** Data excerpt follows **
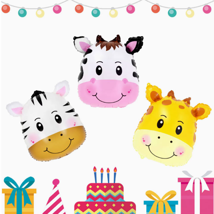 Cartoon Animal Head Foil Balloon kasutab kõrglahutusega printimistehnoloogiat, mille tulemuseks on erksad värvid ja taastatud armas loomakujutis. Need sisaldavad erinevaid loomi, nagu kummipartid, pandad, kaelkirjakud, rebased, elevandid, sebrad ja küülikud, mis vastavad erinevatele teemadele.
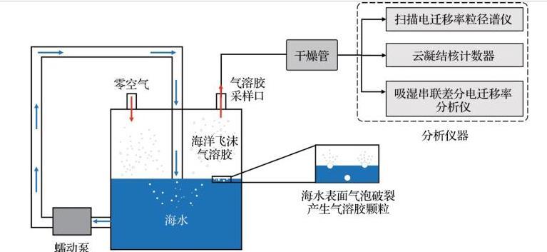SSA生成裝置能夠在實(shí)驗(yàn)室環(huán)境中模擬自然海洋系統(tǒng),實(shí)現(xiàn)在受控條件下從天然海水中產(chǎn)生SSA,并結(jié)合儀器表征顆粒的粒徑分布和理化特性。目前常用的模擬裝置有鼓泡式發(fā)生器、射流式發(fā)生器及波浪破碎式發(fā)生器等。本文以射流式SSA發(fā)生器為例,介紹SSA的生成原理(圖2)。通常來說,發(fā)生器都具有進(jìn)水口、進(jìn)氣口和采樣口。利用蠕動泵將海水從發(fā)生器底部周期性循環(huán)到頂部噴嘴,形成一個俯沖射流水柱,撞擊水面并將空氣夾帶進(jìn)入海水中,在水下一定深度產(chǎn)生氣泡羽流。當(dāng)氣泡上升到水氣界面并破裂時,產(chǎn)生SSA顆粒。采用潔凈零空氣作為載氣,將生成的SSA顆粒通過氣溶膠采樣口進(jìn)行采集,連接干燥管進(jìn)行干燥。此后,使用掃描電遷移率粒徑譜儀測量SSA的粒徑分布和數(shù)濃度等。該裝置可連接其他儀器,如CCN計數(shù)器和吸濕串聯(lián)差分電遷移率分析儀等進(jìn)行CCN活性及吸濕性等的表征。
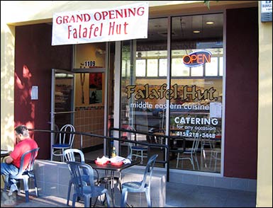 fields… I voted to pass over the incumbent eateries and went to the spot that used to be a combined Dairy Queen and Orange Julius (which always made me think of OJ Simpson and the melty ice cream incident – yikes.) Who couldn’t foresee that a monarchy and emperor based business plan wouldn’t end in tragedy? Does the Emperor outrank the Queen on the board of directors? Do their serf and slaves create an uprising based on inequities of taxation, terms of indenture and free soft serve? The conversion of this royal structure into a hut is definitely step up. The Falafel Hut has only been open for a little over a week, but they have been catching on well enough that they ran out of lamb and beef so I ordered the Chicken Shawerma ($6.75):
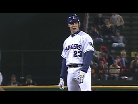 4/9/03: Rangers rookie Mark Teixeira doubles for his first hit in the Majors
** End of Data excerpt **
▸ What you have to do: Take the lines from the start of the listing above through the line with "SSA生成裝置能夠在實(sh", both ends included, and copy them exactly, leaving the pictures behind.

▸ Output of the task:
 Cartoon Animal Head Foil Balloon kasutab kõrglahutusega printimistehnoloogiat, mille tulemuseks on erksad värvid ja taastatud armas loomakujutis. Need sisaldavad erinevaid loomi, nagu kummipartid, pandad, kaelkirjakud, rebased, elevandid, sebrad ja küülikud, mis vastavad erinevatele teemadele.
SSA生成裝置能夠在實(shí)驗(yàn)室環(huán)境中模擬自然海洋系統(tǒng),實(shí)現(xiàn)在受控條件下從天然海水中產(chǎn)生SSA,并結(jié)合儀器表征顆粒的粒徑分布和理化特性。目前常用的模擬裝置有鼓泡式發(fā)生器、射流式發(fā)生器及波浪破碎式發(fā)生器等。本文以射流式SSA發(fā)生器為例,介紹SSA的生成原理(圖2)。通常來說,發(fā)生器都具有進(jìn)水口、進(jìn)氣口和采樣口。利用蠕動泵將海水從發(fā)生器底部周期性循環(huán)到頂部噴嘴,形成一個俯沖射流水柱,撞擊水面并將空氣夾帶進(jìn)入海水中,在水下一定深度產(chǎn)生氣泡羽流。當(dāng)氣泡上升到水氣界面并破裂時,產(chǎn)生SSA顆粒。采用潔凈零空氣作為載氣,將生成的SSA顆粒通過氣溶膠采樣口進(jìn)行采集,連接干燥管進(jìn)行干燥。此后,使用掃描電遷移率粒徑譜儀測量SSA的粒徑分布和數(shù)濃度等。該裝置可連接其他儀器,如CCN計數(shù)器和吸濕串聯(lián)差分電遷移率分析儀等進(jìn)行CCN活性及吸濕性等的表征。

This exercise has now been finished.